The actor accepts the following input parameters:

{
"domains": [
"example.com",
"example.org"
],
"maxConcurrency": 1, // Optional, default: 1, max: 10
"timePeriod": "Last 30 days", // Optional, default: "Last 30 days"
"startDate": "2018-06-08", // Optional, required if timePeriod is "Custom" (format: YYYY-MM-DD)
"endDate": "2018-06-15", // Optional, required if timePeriod is "Custom" (format: YYYY-MM-DD)
"platform": "All" // Optional, default: "All" - filter by Google platform
}
  • domains: Array of domains to check for ads (required)
  • maxConcurrency: Maximum number of domains to process concurrently (optional)
  • timePeriod: Time period to check ads for (optional). Options:
    • "Today" - Check ads from today
    • "Yesterday" - Check ads from yesterday
    • "Last 7 days" - Check ads from the last 7 days
    • "Last 30 days" - Check ads from the last 30 days (default)
    • "Custom" - Use custom date range (requires startDate and endDate)
  • startDate: Start date for custom date range (format: YYYY-MM-DD).

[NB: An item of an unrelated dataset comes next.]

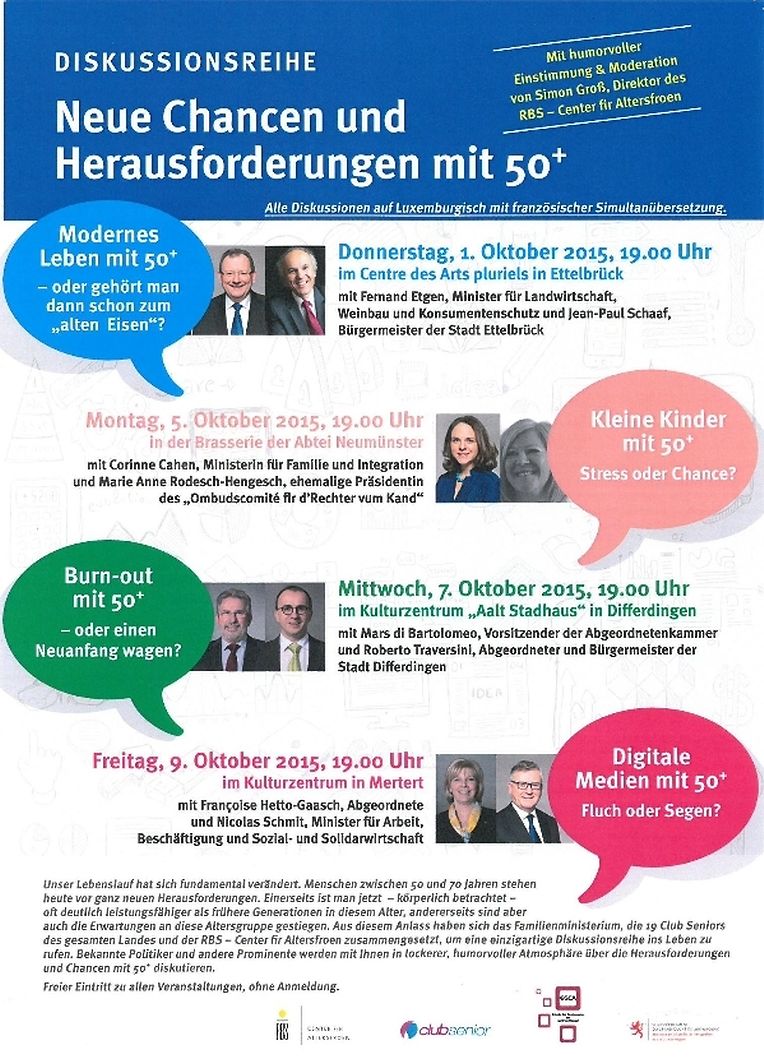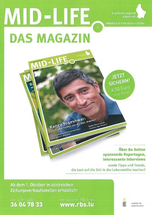 Nur noch wenige Wochen, dann erscheint das Luxemburger Magazin "MID-LIFE". Dort können Sie lesen, wie Ranga Yogeshwar das Alter sieht und was Jean Asselborn bewegt. Parallel zum Erscheinungsdatum organisieren das Familienministerium, die 19 Clubs Seniors und der RBS - Center fir Altersfroen in den ersten zwei Oktoberwochen eine so noch nie dagewesene Diskussionsreihe mit bekannten Persönlichkeiten. An vier Abenden können Sie mitdiskutieren zu Themen der Lebensmitte von heute. Dort erhalten Sie auch das neue MID-LIFE. Sollten Sie keine Zeit haben, es ist in vielen Zeitungsgeschäften erhältlich, bei uns in Itzig oder über unseren Internet-Shop.

Required if timePeriod is "Custom"
  • endDate: End date for custom date range (format: YYYY-MM-DD). Required if timePeriod is "Custom"
  • platform: Google platform to filter ads by (optional). Options:
    • "All" - Check ads across all platforms (default)
    • "SEARCH" - Google Search ads only
    • "YOUTUBE" - YouTube ads only
    • "SHOPPING" - Google Shopping ads only
    • "MAPS" - Google Maps ads only
    • "PLAY" - Google Play ads only

Output

The actor saves results to its default dataset. Each item contains:

{
"domain": "example.com",
"ads_running": true,
"creatives": [
{
"type": "image",
"url": "https://..."
},
{
"type": "video",
"url": "https://..."
}
],
"ad_texts": [
"Extracted text from image 1",
"Extracted text from image 2"
],
"time_period": "Last 30 days",
"start_date": null,
"end_date": null,
"platform": "All",
"error": null, // Error message if scraping failed
"timestamp": "2024-03-21T12:34:56.789Z"
}

Usage

  1. Create a new task for the actor
  2. Provide input:
    {
    "domains": ["example.com"],
    "maxConcurrency": 1,
    "timePeriod": "Last 7 days",
    "platform": "YOUTUBE"
    }
  3. Run the task
  4. Get results from the dataset

Performance and Limits

  • Memory: 4096 MB
  • Timeout: 4 hours
  • Concurrency: 1-10 domains in parallel
  • Rate limiting: 2 second delay between requests

Dependencies

  • Python 3.9
  • Chrome browser
  • Tesseract OCR
  • Key Python packages:
    • selenium
    • pytesseract
    • aiohttp
    • Pillow
    • apify-client

Error Handling

The actor implements robust error handling:

  • Automatic retries for transient errors
  • Graceful degradation for OCR failures
  • Detailed error reporting in output
  • Progress tracking and statistics

Development

  1. Install dependencies:

    $pip install -r requirements.txt
  2. Install system dependencies:

    $apt-get install tesseract-ocr
  3. Run locally:

    $python main.py

License

Apache 2.0